Leaving pictures aside, set down each line exactly, from the first line of the data to the line with "مصباح حائط أسطواني", both included.

Start of AVAILABLE DATA

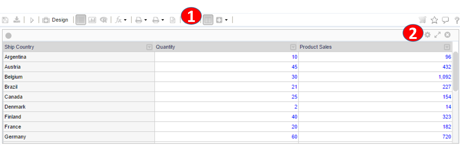 In the query result grid area, specify the report to be drilled through the mouse popup. The user selects the report specified by the mouse pop-up and opens the report as a tab or pop-up window with the selected cell area as a filter. |
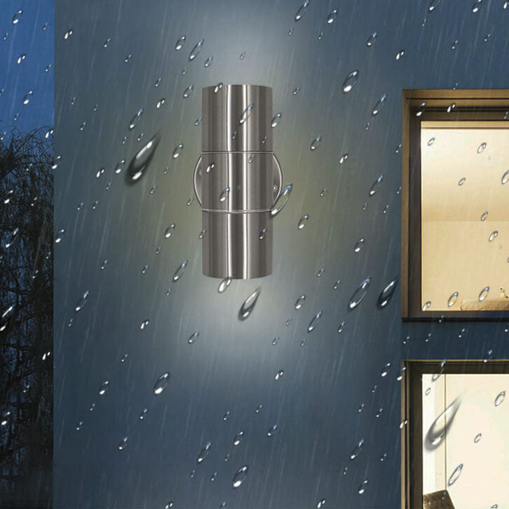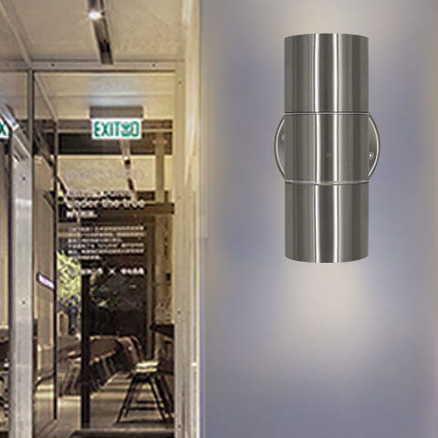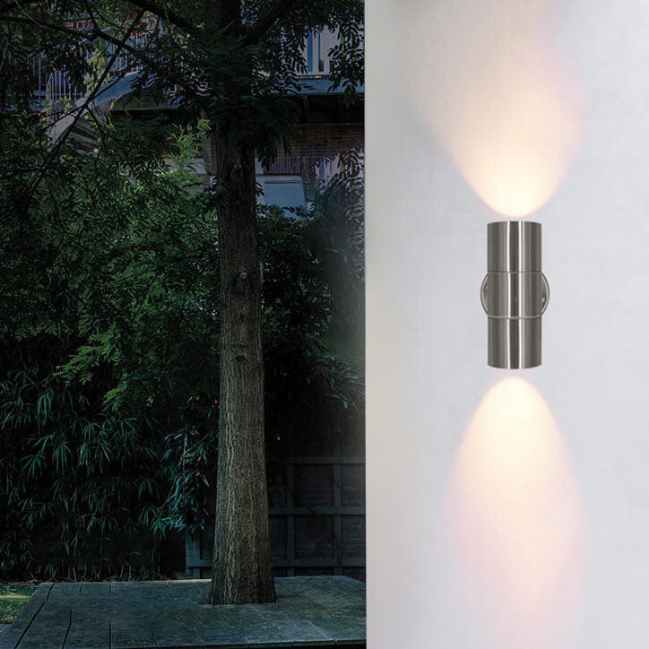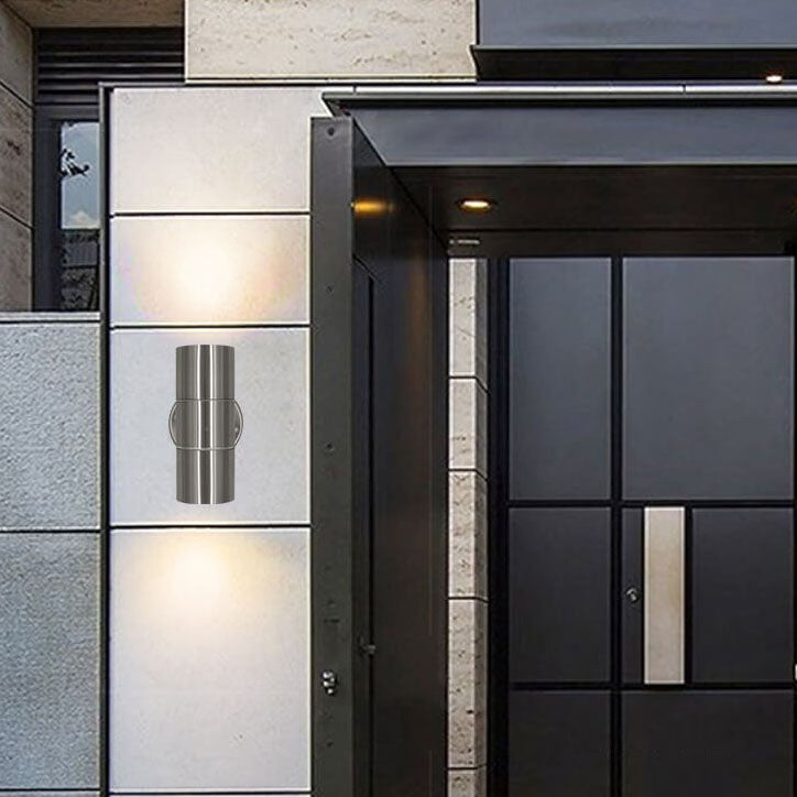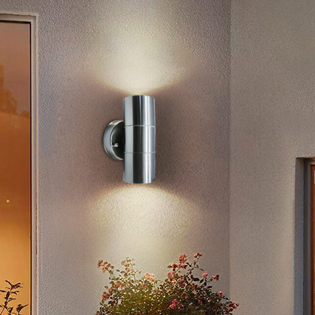 مصباح حائط أسطواني حديث بسيط من الفولاذ المقاوم للصدأ مزود بمصباحين
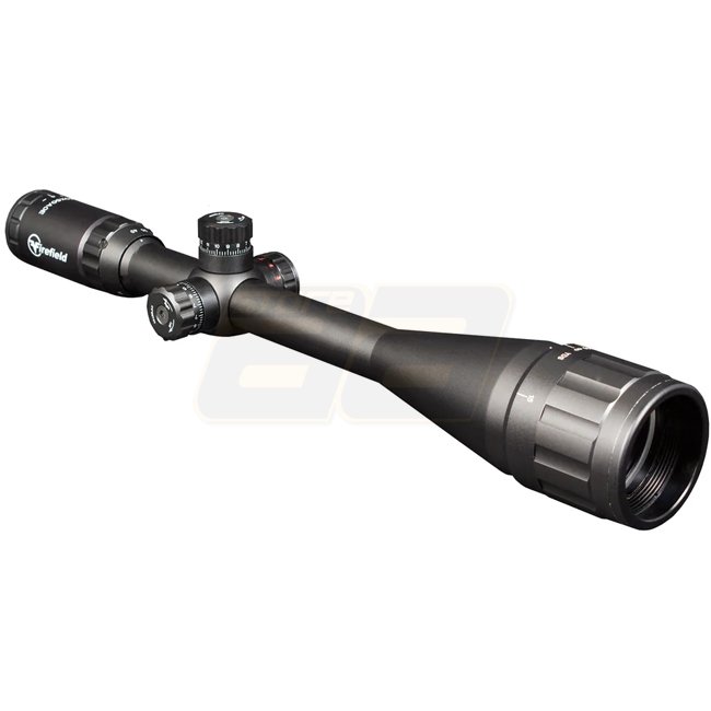 Firefield Tactical Riflescope with 10-40x magnification, Mil Dot reticle, and 1-inch tube diameter. Ideal for long-range shooting with IPX4 standard and aluminum housing. Weaver/Picatinny mount. Length 415mm, weight 879g, with 120 MOA max adjustments.

End of AVAILABLE DATA

EXERCISE ANSWER:
 In the query result grid area, specify the report to be drilled through the mouse popup. The user selects the report specified by the mouse pop-up and opens the report as a tab or pop-up window with the selected cell area as a filter. |
 مصباح حائط أسطواني حديث بسيط من الفولاذ المقاوم للصدأ مزود بمصباحين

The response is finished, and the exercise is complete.